Bill Abram
- Full name: William Geoffrey Abram
- Date of birth: 28 October 1957 (age 67)
- Place of birth: Sydney, NSW, Australia
- School: The King's School

Rugby union career
- Position(s): Prop

International career
- Years: Team / Apps / (Points)
- 1986: Australia

= Bill Abram =

Australian rugby union player (born 1957)

William Geoffrey Abram (born 28 October 1957) is an Australian former professional rugby union player.

Abram, a Quirindi junior product, boarded at The King's School and was their 1st XV captain in 1975.

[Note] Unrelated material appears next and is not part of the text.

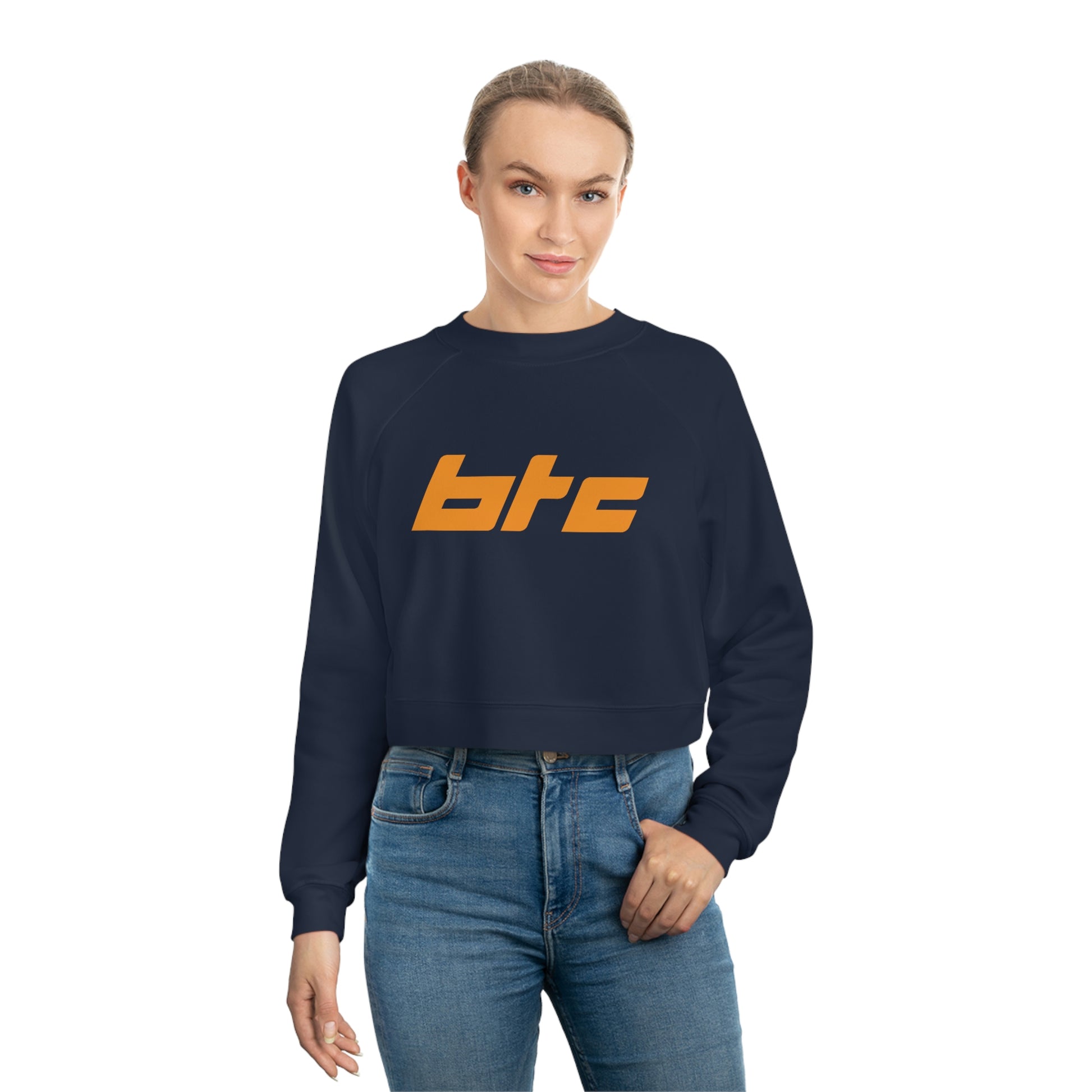 Step up your streetwear game with the Bitcoin Block Fleece Crop Sweatshirt. This stylish and lightweight crop sweatshirt is made from a breathable cotton-polyester blend and features bold, block futuristic lettering of "BTC" on the chest. Perfect for a casual athleisure look, this unique cropped piece is sure to make you stand out in the crowd! Go beyond traditional fashion and show off your contemporary style in the BTC Crop Sweatshirt.

A front row forward, Abram toured New Zealand in 1982 with New South Wales. He joined Randwick in 1983 and injured his knee in the final match of the season, which required a full reconstruction. After recovering, Abram ended up at Brisbane club Wests and came into Wallabies contention when he was named in an extended 40-man squad for the 1984 tour of Britain and Ireland, but a neck injury suffered during weight training ended his chances.

Abram won a premiership with Wests in 1985 and the following year was in the team that made the semi-finals of the Toulouse Masters, a world club championship hosted by France.

In 1986, Abram was called up by the Wallabies as a reserve for a Test match against Italy at Ballymore. He didn't get to come on off the bench and missed another opportunity to win a cap when an injured hamstring ruled him out of that year's tour of New Zealand, for which he was due to be selected.

Abram's son Geoff played professional rugby and his daughter Felicity was a world number one ranked triathlete.